Nonetheless, he said the law should not be changed to accommodate a tiny group, nor did his clients agree with the attempt by the trial judge to distinguish a particular group for whom the exemption is sought.  He insisted that this was a distinction without a difference: that all are disabled.  The conclusion that there was no evidence of heightened risk to the disabled in Oregon and the Netherlands could only have been reached by "sleight of hand."

Mr. Baker's clients expressed a great degree of scepticism about research based on asking doctors after the fact whether or not they had complied with the law or had committed, something he said was "quite extraordinary research to rely upon for drawing conclusions about compliance with the law."

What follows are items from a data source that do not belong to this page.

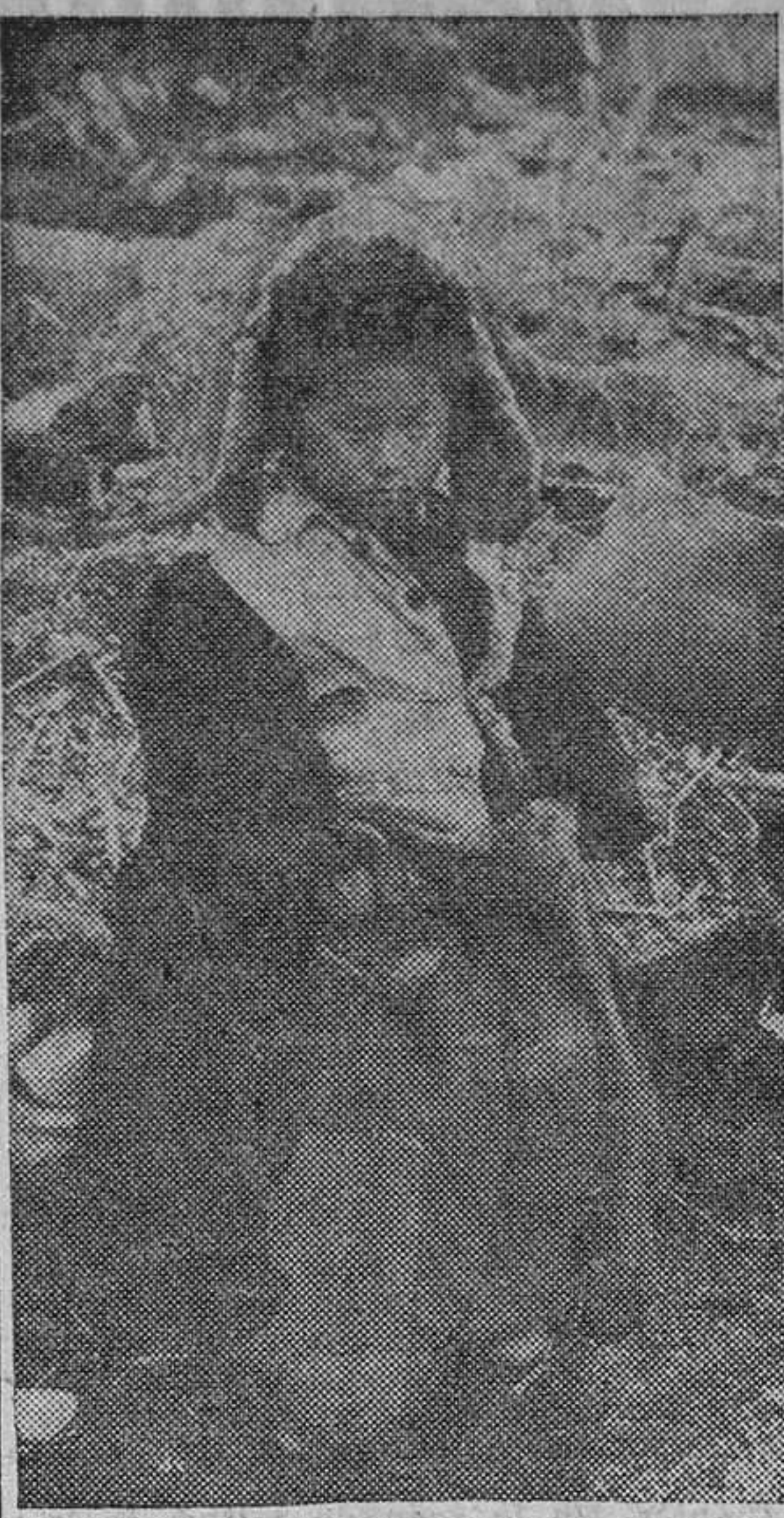
Sola y sin techo que la cobije, esta niña, a la que la guerra de Corea ha dejado huérfana, ha sido sorprendida por la cámara fotográfica sentada entre escombros cerca del frente de batalla, dos días después del armisticio.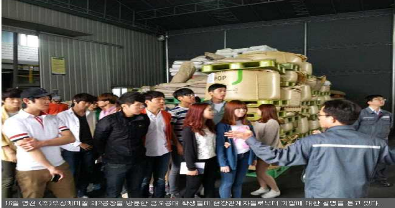
16일 영천 (주)우성케미칼 제2공장을 방문한 금오공대 학생들이 현장관계자들로부터 기업에 대한 설명을 듣고 있다.

“기업탐방기회가 자주 오진 않아요. 한 해 한번? MT(멤버십 트레이닝) 산업시찰 때가 아니면 거의 없다고 봐야죠”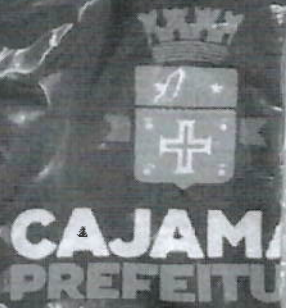
CAMISETA SEM MANGA

H SOUZA COMERCIAL 14.776.040/0001-34 62% POLIESTER 32% VISCOSE 10 FABRILADO BRASIL 12/85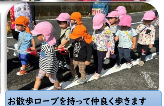
お散歩ロープを持って仲良く歩きます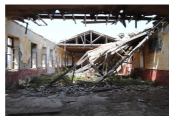
Άποψεις από το εσωτερικό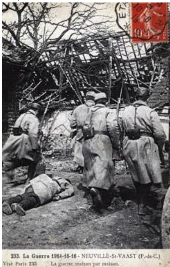
233. La Guerre 1914-16-16 - NEUVILLE-St-VAAST (P.-de-C.) Visé Paris 233 La guerre maison par maison.

Afin de bénéficier d'une surprise et de donner à l'opération son maximum de portée, cette offensive doit coïncider avec une attaque secondaire, entreprise dans la région d'Arras (l'offensive en Artois) par les forces combinées du général Foch et du maréchal britannique John French (1858-1925).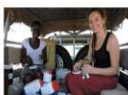
PROYECTO FERRARIETI (TUNISIA) - AYUDA SOCIAL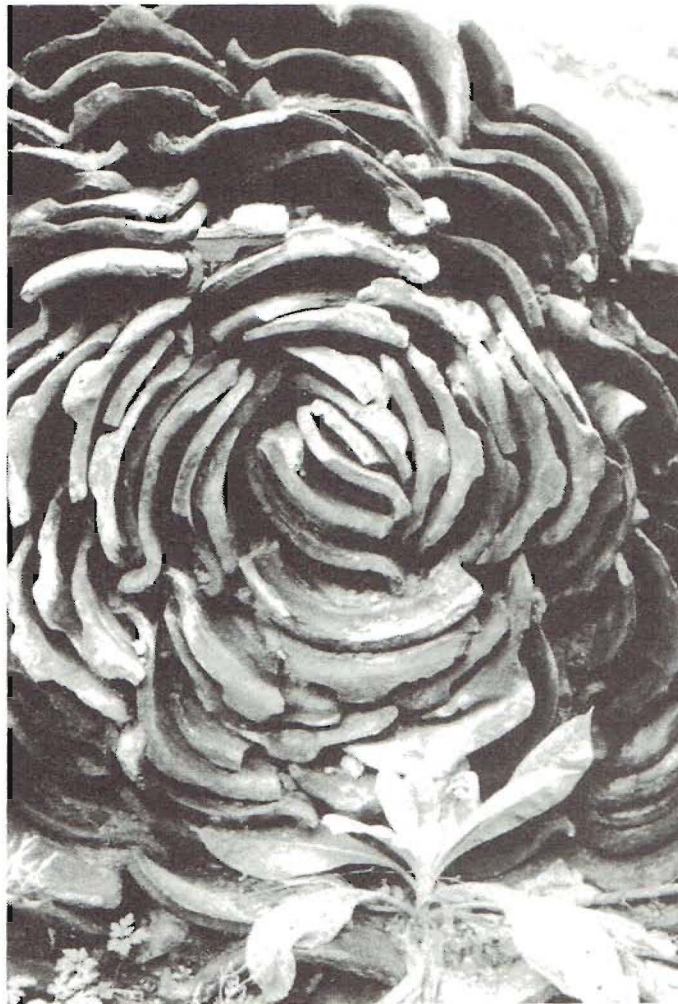
Creatief spel met dakpannen

- Kunnen er vissen in de vijvers terecht komen?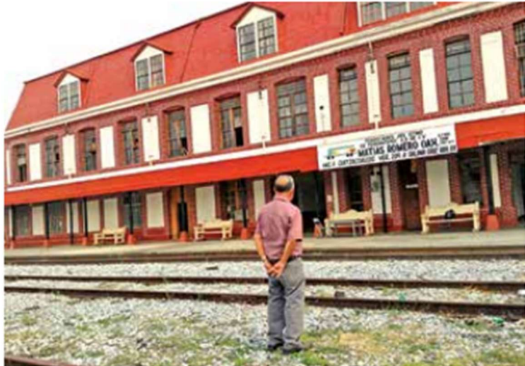
Fachada de la estación de ferrocarril de Matías Romero, en la actualidad. Los exferrocarrileros esperan una jubilación justa.

Moreover, his clients were "completely dissatisfied with the imbalanced record in this case," by which he meant the decision of the trial judge to deny Canada the opportunity to obtain and present evidence supportive of the prohibition. "My clients are deeply concerned," he said, that the case "not be decided on the basis of an incomplete record."

Reponding to the Chief Justice's assertion that "life" must mean engaging in the full range of experience, Mr. Baker cited the example of one of his clients who is completely immobile, who lives in a hospital and operates a computer by moving his eyes.  A "brilliant mathematician," he lives a full life, supported by his family.  His clients remain concerned about the fate of those who do not have extraordinary talents and supportive families. 

Mr. Baker noted the Oregon research showing doctors' interpretations of why patients chose assisted suicide: loss of autonomy, dignity, difficulty with bodily functions, being a burden, etc.
Those, he emphasized, are the concerns and the daily experience of all people with disabilities.
He lamented the fact that this case was about a right to assisted suicide rather than a right to palliative care, home care, and suicide prevention.

He closed by warning the judges that real harm will be caused by making "therapeutic death" available to disabled people.